[Start of Attachment]
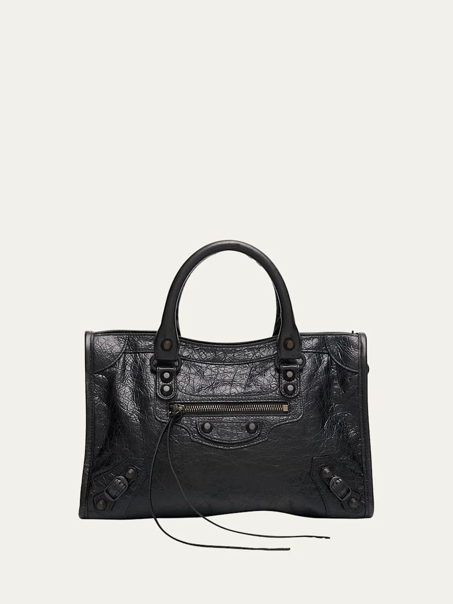 Balenciaga "Le City" top handle bag in area calfskin leather Top handles Detachable, adjustable shoulder strap, drop 10.2" Zip top closure Exterior, one zip pocket Interior, one zip pocket Nylon lining Dimensions: 9.8"L x 8.7"H x 4.7"W Made in Italy
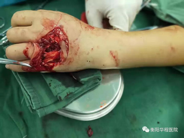 18:50,救護車到達醫(yī)院,醫(yī)護人員兵分多路開展救治,一組為患者完善各種身體檢查,并通過輸血、補液等一系列措施維持患者生命體征,另一組則對傷口進行清創(chuàng),把壞死的肌肉組織等全部清理干凈,為接下來的手術(shù)做好準(zhǔn)備。
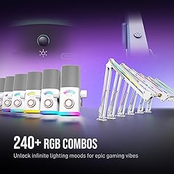 [Studio-Grade XLR Clarity] Experience broadcast-quality audio with 48kHz/24bit sampling rate and 115dB SPL that preserves every vocal detail—from tactical callouts to excited reactions. The sleek pc gaming microphone in white reflects your setup's premium vibe while delivering natural warmth streams. Your audience hears pure emotion, not background hum via the podcast XLR microphone. [USB Agility] The USB computer microphone give a key to switch between PC and PS5 in 3 seconds with plug-and-play versatility. The illuminated mute tap glows to indicate recording status—no more "accidentally live" moments during private conversations. The dynamic microphone perfect for multi-platform gamers who value both speed and discretion. [Function Command] Monitoring in real-time and independently adjust input and output levels with precision via the big 3-in-1 knob on the streaming mic. Balance the audio ratio of pc or monitoring without alt-tabbing when co-op partners get loud. Simply turn their channel down—no more drowning in chaotic audio. [RGB Ecosystem] The boom arm and computer microphone operate as independent RGB zones, both offering 15 lighting modes—from breathing patterns to rhythmic pulsating effects while maintaining steady ambient glow, enhancing your setup's aesthetics without distracting during gameplay. The boom microphone crafted with milky-white, the LEDs emit a soft, eye-comforting radiance that streams beautifully. [Extended Reach Pro Arm] The boom mic kit with total 30-inch reach and thickened construction, eliminating desk shakes while accommodating standing or seated positions. The included windscreen foam features a multi-layer structure that disperses plosive bursts and minimizes breath noise without muffling vocal clarity.
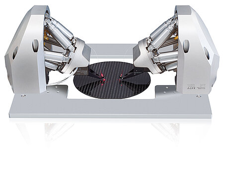 用于定位光纤或光学部件的堆叠系统可在三条轴上操作进行粗定位,行程长达25毫米,最小位移为2微米,最大速度为20毫米/秒。六足位移台在X、Y和Z向上的行程分别为±6.5、±16和±8.5毫米,三条旋转轴上分别为±14.5、±10和±10度。最小位移分别为0.1微米。系统工作时的最大速度为10毫米/秒,可精密定位空间中任意点上、甚至是不同角度上的用户自定义旋转中心(枢轴点),如定位光纤阵列。NanoCube®负责两套系统的精定位,三条轴上的工作行程均为100微米,最小位移为2.5纳米。对于超过100微米 x 100微米的区域扫描,定位时间小于1秒,峰值强度的最大偏差为0.02分贝。
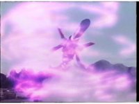 RDTZWM, still spinning red-trailing staff, swoops down right into us, leaning back, eyes flashing, it slashes its right arm forth across the screen, as the background flares into a bright spectrum. |
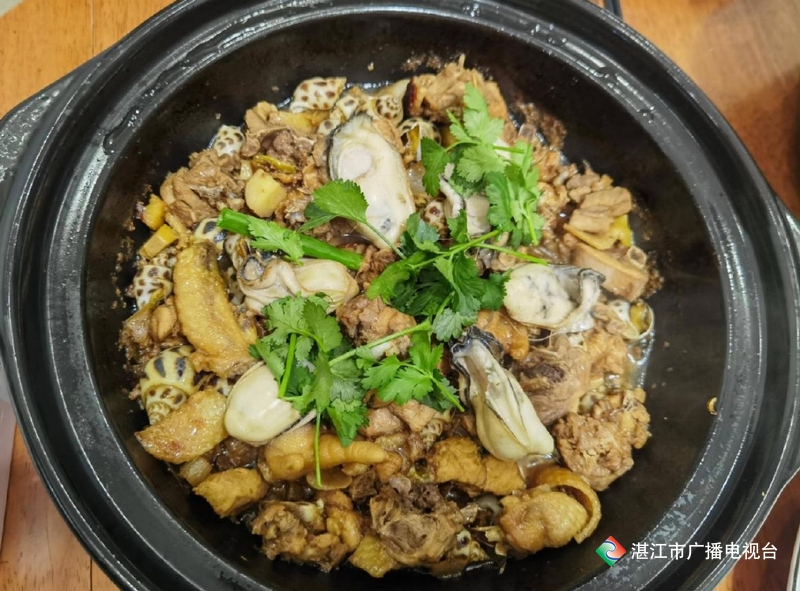 森林公园的瓮鸡店最多,也最出名,腹内有大量以沙姜为主的香料,热食极佳。撕开铝箔和荷叶,热气升腾、香味扑鼻,边边角角有着烟熏火燎的焦香,肉厚处则汁水丰盈、软糯入味。外地人大多不知道,瓮鸡在湛江是很多人的童年打野记忆,也是郊游露营必备。曾经看到本地人用小推车专门去买来砖头大小的泥坯砌窑来瓮鸡。抖音等视频平台上,也经常会有当地的博主直播瓮(窑)鸡的过程——垒土块成窑,挖坑烧柴,待柴已成炭、坑热土炽,上端开口,放入包了一层荷叶、一层铝箔纸的秘制料汁腌过的整鸡,还有一个个包好的土豆、红薯、玉米,然后塌了土窑,2个小时后出品。
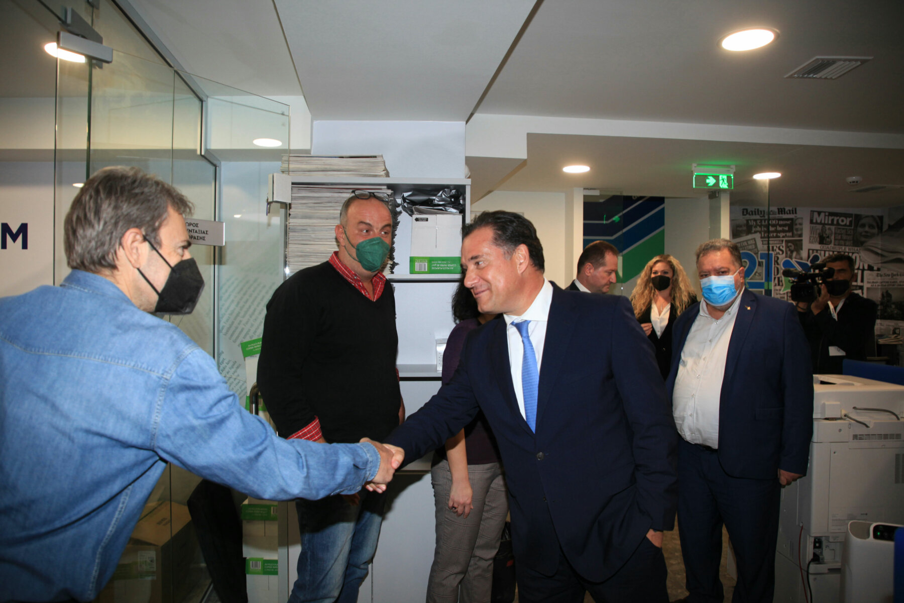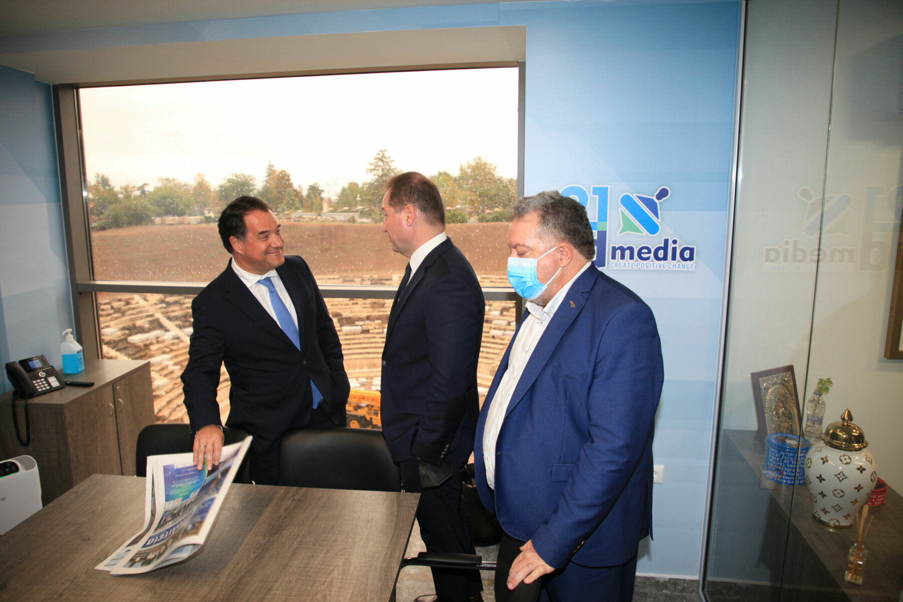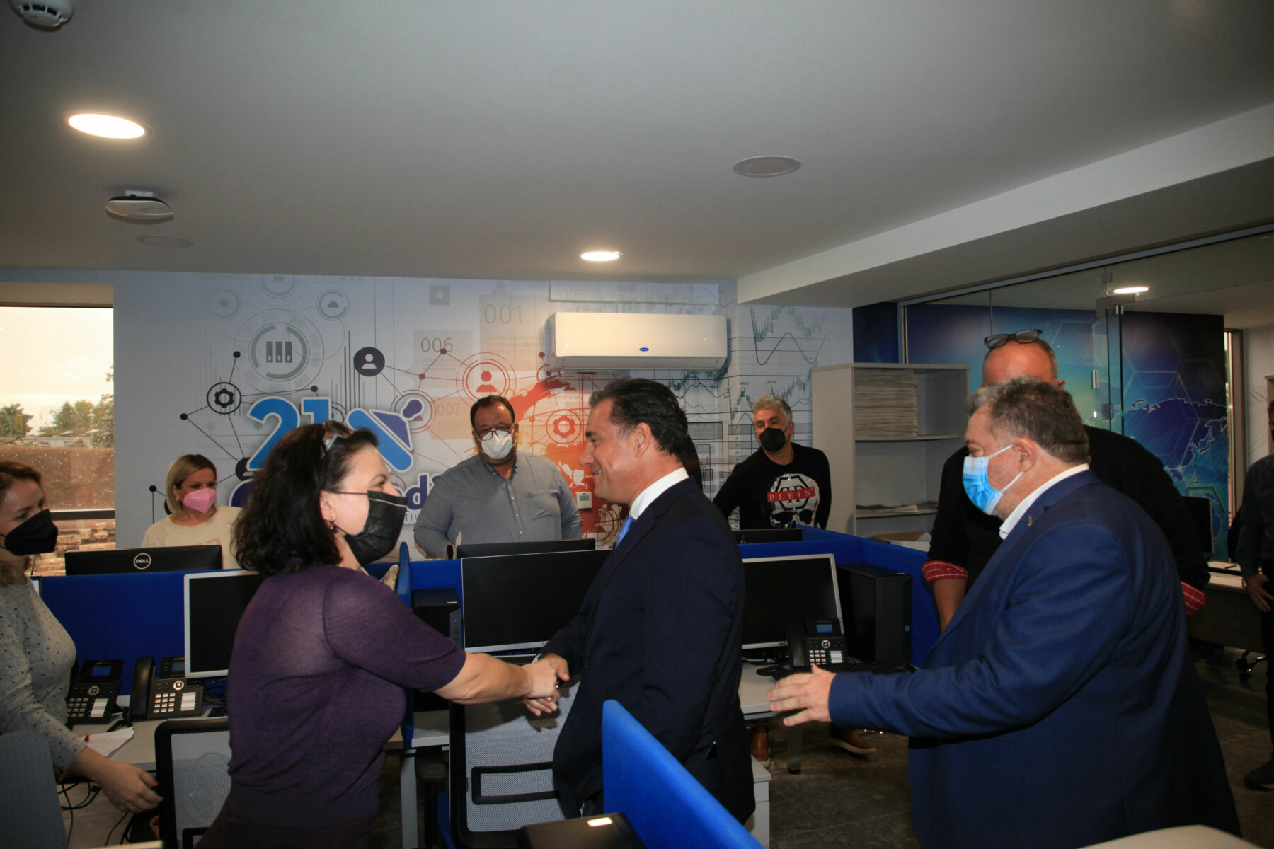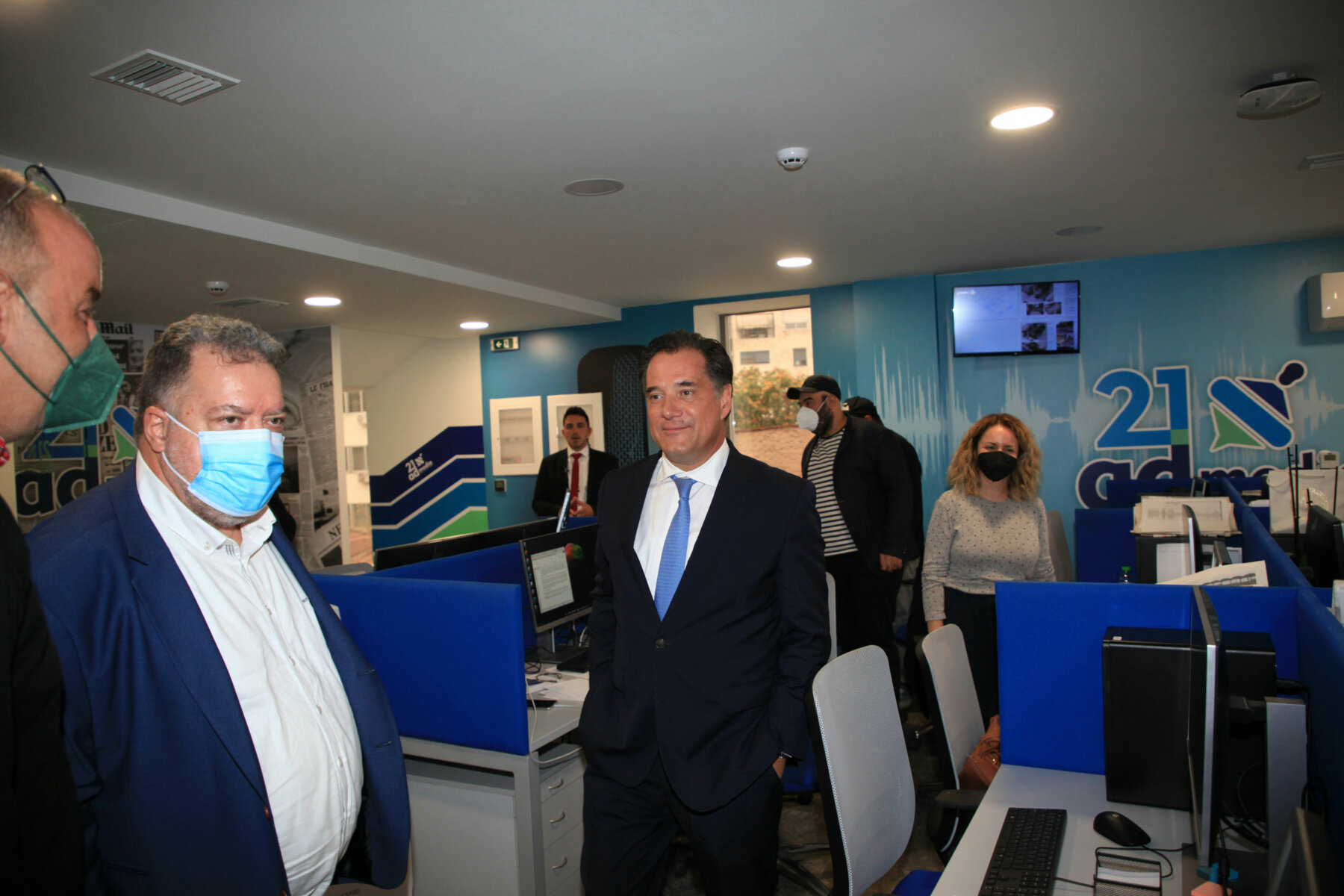 Στις κτιριακές εγκαταστάσεις της “21 admedia” ξεναγήθηκε ο υπουργός Ανάπτυξης και Επενδύσεων κ. Άδωνις Γεωργιάδης από τον πρόεδρο και τον αντιπρόεδρο του Δημοσιογραφικού Οργανισμού, Αχιλλέα και Γιάννη Νταβέλη. Ο υπουργός χαιρέτισε και συνομίλησε με τους δημοσιογράφους και τους τεχνικούς της “21 admedia”.
[End of Attachment]
*Work to be completed*
Your task is to reproduce exactly the lines running from the line that contains "森林公园的瓮鸡店最多,也最出" to the end of the records, pictures excluded.

*Completed exercise*
 森林公园的瓮鸡店最多,也最出名,腹内有大量以沙姜为主的香料,热食极佳。撕开铝箔和荷叶,热气升腾、香味扑鼻,边边角角有着烟熏火燎的焦香,肉厚处则汁水丰盈、软糯入味。外地人大多不知道,瓮鸡在湛江是很多人的童年打野记忆,也是郊游露营必备。曾经看到本地人用小推车专门去买来砖头大小的泥坯砌窑来瓮鸡。抖音等视频平台上,也经常会有当地的博主直播瓮(窑)鸡的过程——垒土块成窑,挖坑烧柴,待柴已成炭、坑热土炽,上端开口,放入包了一层荷叶、一层铝箔纸的秘制料汁腌过的整鸡,还有一个个包好的土豆、红薯、玉米,然后塌了土窑,2个小时后出品。
 Στις κτιριακές εγκαταστάσεις της “21 admedia” ξεναγήθηκε ο υπουργός Ανάπτυξης και Επενδύσεων κ. Άδωνις Γεωργιάδης από τον πρόεδρο και τον αντιπρόεδρο του Δημοσιογραφικού Οργανισμού, Αχιλλέα και Γιάννη Νταβέλη. Ο υπουργός χαιρέτισε και συνομίλησε με τους δημοσιογράφους και τους τεχνικούς της “21 admedia”.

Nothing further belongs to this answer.